Republican presidential candidate Herman Cain, left, & Mitt Romney, Former Governor of Mass., before speaking at the CBS News/National Journal foreign policy debate, Nov. 12, 2011 in Spartanburg, S.C.
"GOP Cannot Separate Foreign Policy from the Economy"
GLOBAL Public Square
November 22, 2011
Author: Juliette Kayyem, Belfer Lecturer in Inernational Security, Harvard Kennedy School
Belfer Center Programs or Projects: International Security
There is a lot of enthusiasm for the GOP presidential debate tonight. It's on CNN at 8pm. The topic: National security and foreign policy.
What do the presidential candidates think about U.S. relations with countries like Iran, Syria and "Ubeki-beki-beki-beki-stan-stan"? That last "stan", of course, became famous when Herman Cain wondered aloud how a president knowing about the world is "going to create one job?"

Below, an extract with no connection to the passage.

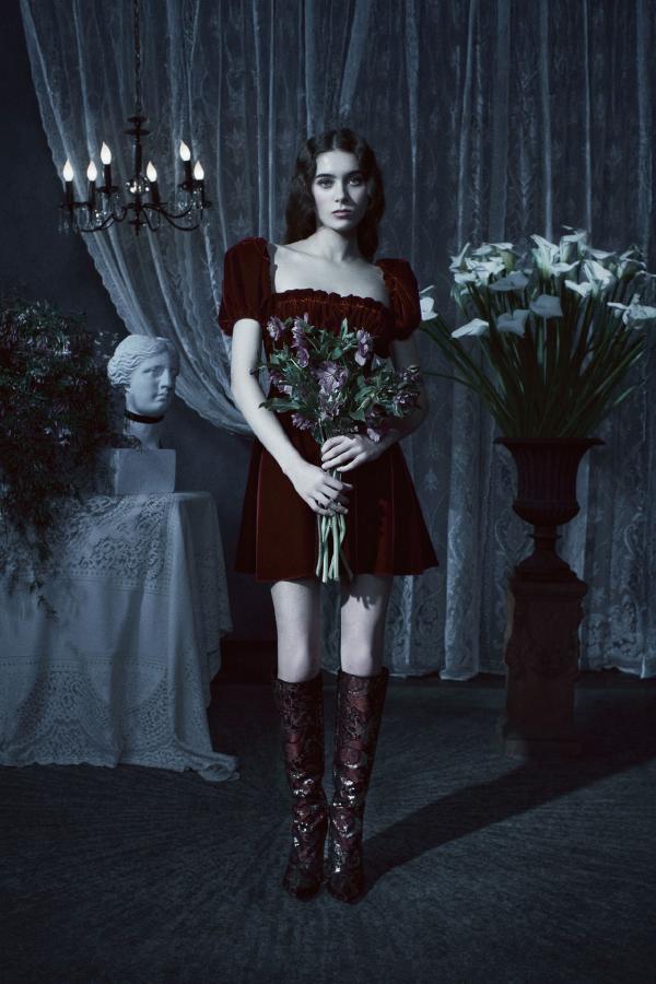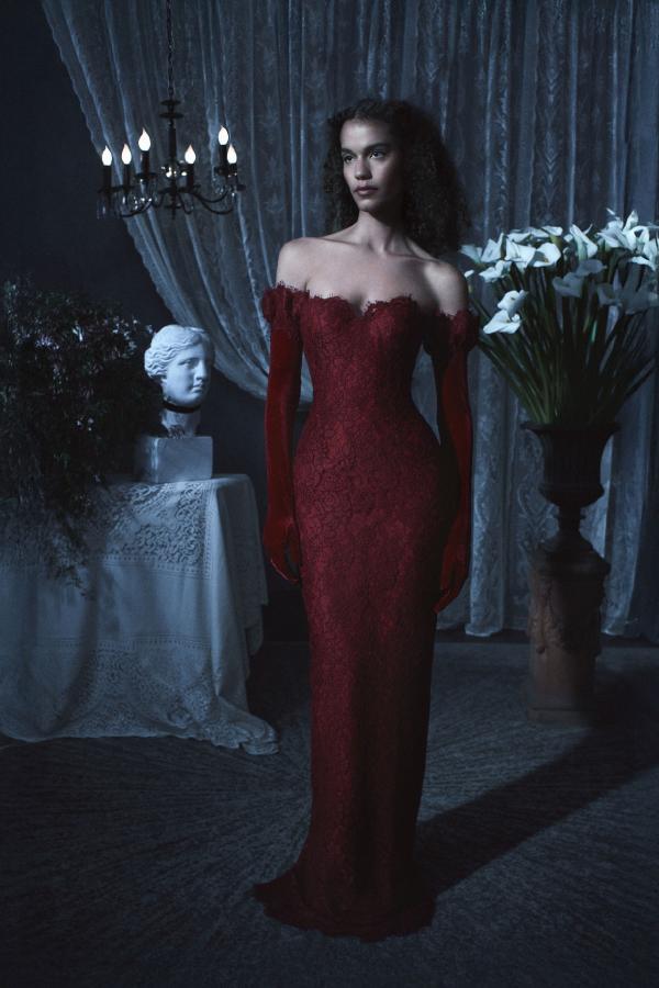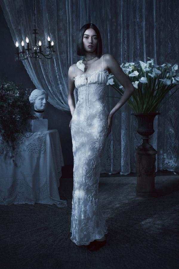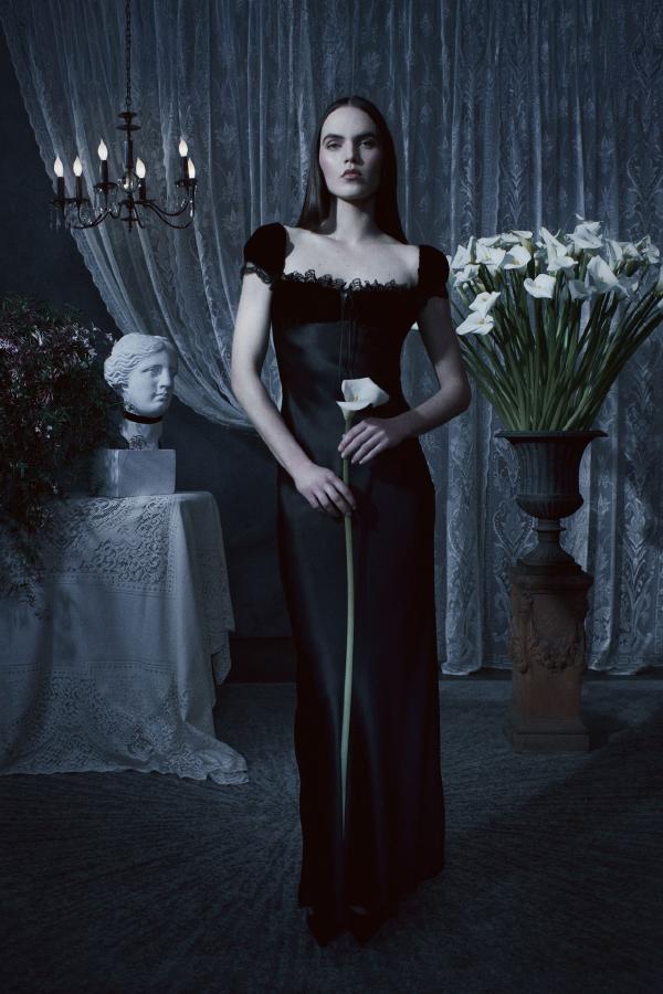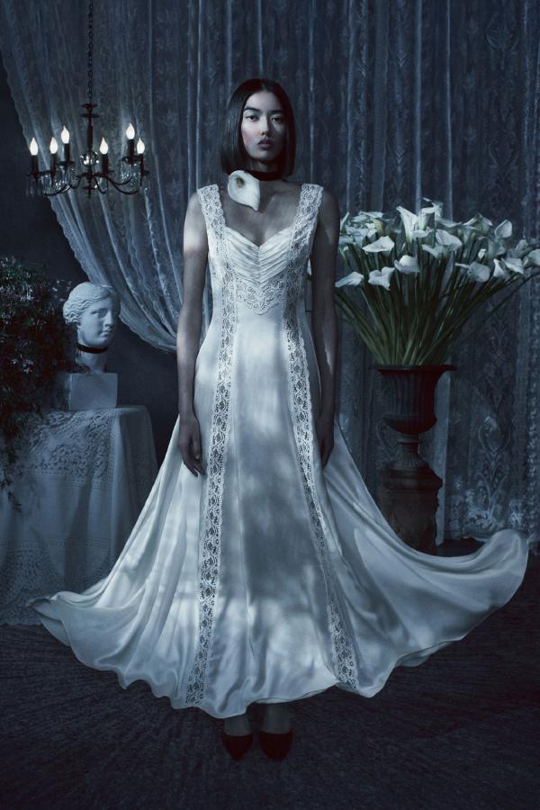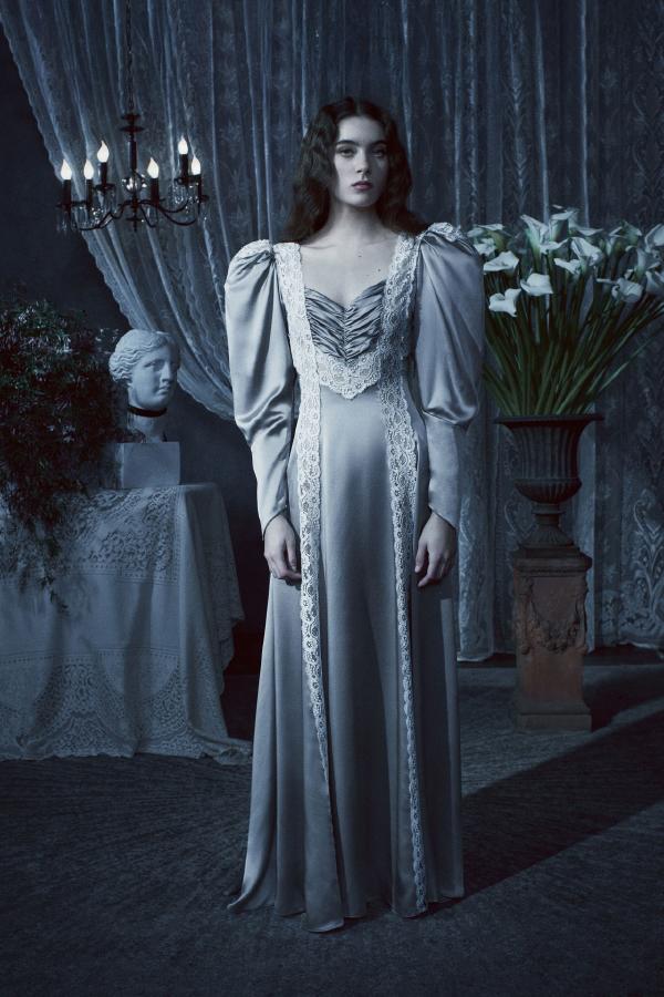 The collection features soft, voluminous charmeuse mutton sleeves and a gathered chiffon caftan with a ruffled hem that elegantly pools around the wearer. Alongside the initial gray, the collection introduces deep midnight crimson, unconventional mint green, and rich black, particularly in luxurious velvet. Subtle opulence is emphasized through white lace appliques on bodices and delicate trimming on necklines, with some silhouettes reflecting a monastic influence.

Cain implied that those who think about foreign policy and national security don't understand real America's problems. But the idea that national security can be separated from domestic economic policy is a fallacy that got us into this financial mess in the first place.
The economy and our national security are inextricably linked. What we pay for and how we pay for it are decisions that are not simply about domestic economic policy. Likewise, the choices we make about our commitment to two wars and our willingness to engage in future wars have dramatic economic consequences.

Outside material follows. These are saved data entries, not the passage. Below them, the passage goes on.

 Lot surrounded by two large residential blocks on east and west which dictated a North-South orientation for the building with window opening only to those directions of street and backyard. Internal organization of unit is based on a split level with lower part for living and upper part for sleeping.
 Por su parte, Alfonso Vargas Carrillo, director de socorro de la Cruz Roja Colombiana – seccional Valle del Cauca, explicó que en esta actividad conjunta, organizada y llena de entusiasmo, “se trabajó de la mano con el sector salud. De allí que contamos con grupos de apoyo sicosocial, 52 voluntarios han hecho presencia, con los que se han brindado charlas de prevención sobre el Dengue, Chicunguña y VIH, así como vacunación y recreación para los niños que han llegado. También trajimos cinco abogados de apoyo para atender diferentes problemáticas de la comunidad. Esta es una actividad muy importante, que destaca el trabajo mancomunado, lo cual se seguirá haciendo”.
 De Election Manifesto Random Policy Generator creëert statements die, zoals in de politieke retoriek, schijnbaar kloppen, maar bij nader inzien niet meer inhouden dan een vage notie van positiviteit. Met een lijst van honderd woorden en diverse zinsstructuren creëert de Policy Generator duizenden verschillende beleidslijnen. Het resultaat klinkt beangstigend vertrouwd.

Here’s an example. In 2002, White House economic adviser Lawrence Lindsey estimated the Iraq War would cost between $100 billion and $200 billion. Mitch Daniels, the head of President Bush's budget office, dismissed Lindsey's estimates, saying the number was closer to $50 billion. Lindsey was shown the door. His only error turned out to be guessing so low.
Today, Nobel Prize-winning economist Joseph Stiglitz and Harvard's Linda Bilmes argue that the total costs of the Iraq War alone, including disability and veterans' support costs, may pass $2 trillion. Brown University's Costs of War project estimates that the United States has spent between $3.2 trillion and $4 trillion on the "war on terror."
New proposals, tougher actions and increased spending for new weaponry will all be part of the discussion tonight. We cannot afford, literally, to focus exclusively on foreign affairs alone, as if the choices we make in relations to other nations don't have an impact on our "domestic affairs" or our economy.
Indeed, it could very well be that one day we have a conflict with "Ubeki-beki-beki-beki-stan-stan." That war could cost anywhere from $50 billion to $4 trillion. Doesn't that make a difference?